Library Generation/Protein Identification, Data Processing, and Relative Quantitation
To create a spectral library with those peptides that have been detected and identified in the experimental time course, the IDA MS raw files were combined and subjected to database searches in unison using ProteinPilot software v. 5.0.1 (AB SCIEX) with the Paragon algorithm. Spectra identification was performed by searching against the Homo sapiens proteome for INT samples, Sus scrofa taxa for IPEC-1 samples and the C. jejuni taxa for INT and IPEC infected samples (Uniprot Databases: 70,826, 34,409, and 41,050 entries respectively, in December 2015) with the following parameters: iodoacetamide cysteine alkylation, trypsin digestion, gel-based ID as special factor, identification focus on biological modification and evolutionary variants and thorough ID as search effort. The detected protein threshold was set at 0.05. An independent False Discovery Rate (FDR) analysis, using the target- decoy approach provided by ProteinPilot, was used to assess the quality of identifications. Positive identifications were considered when identified proteins reached a 1% global FDR. For SWATH processing, up to 10 peptides with seven transitions per protein were automatically selected by the SWATH Acquisition MicroApp2.0 in the PeakView2.2 software (AB SCIEX) with the following parameters: 15 ppm ion library tolerance, 5 min XIC extraction window, 0.01 Da XIC width, and considering only peptides with at least 99% confidence and excluding those which were shared or contained modifications.

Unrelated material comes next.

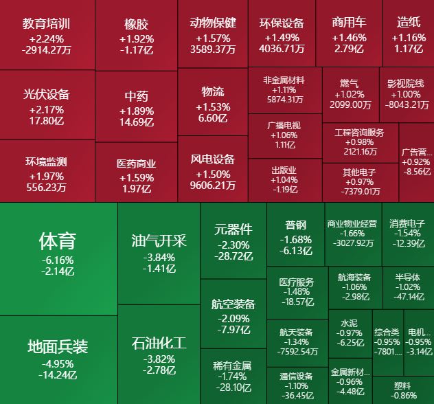 2. 领跌板块:军工、半导体、周期资源集体调整

However, to ensure reliable quantitation, only proteins with 3 or more peptides available for quantitation were selected for XIC peak area extraction and exported for analysis in the MarkerView 1.3 software (AB SCIEX). Global normalization was performed according to the Total Area Sums of all detected proteins in the samples. A Student's T-test was used to perform two-sample comparisons between the averaged area sums of all the transitions derived for each protein across the three replicate runs for each sample under comparison, in order to identify proteins that were significantly differentially represented between infected and uninfected samples.
Systems Biology Analysis
Ingenuity Pathway Analysis (IPA) web-based application (Ingenuity Systems Inc., Redwood City, CA, USA) was used to assess the biological meaning in the host proteome datasets. IPA retrieves biological information from the literature and then integrates the differentially expressed proteins into functions and pathways with biological meaning and significance (p < 0.05). Functional association networks of the potentially interacting proteins were generated using STRING (Search Tool for the Retrieval of Interacting Genes, v.10 web server, http://stringdb.org/), a database of known and predicted protein interactions (Szklarczyk et al., 2011). Virulence factors expressed in C. jejuni-infected INT-407 cells were used as dataset framework for mapping functional pathways. The model was enriched up to 100 partners with different sorts of associations to the proteins included in the model.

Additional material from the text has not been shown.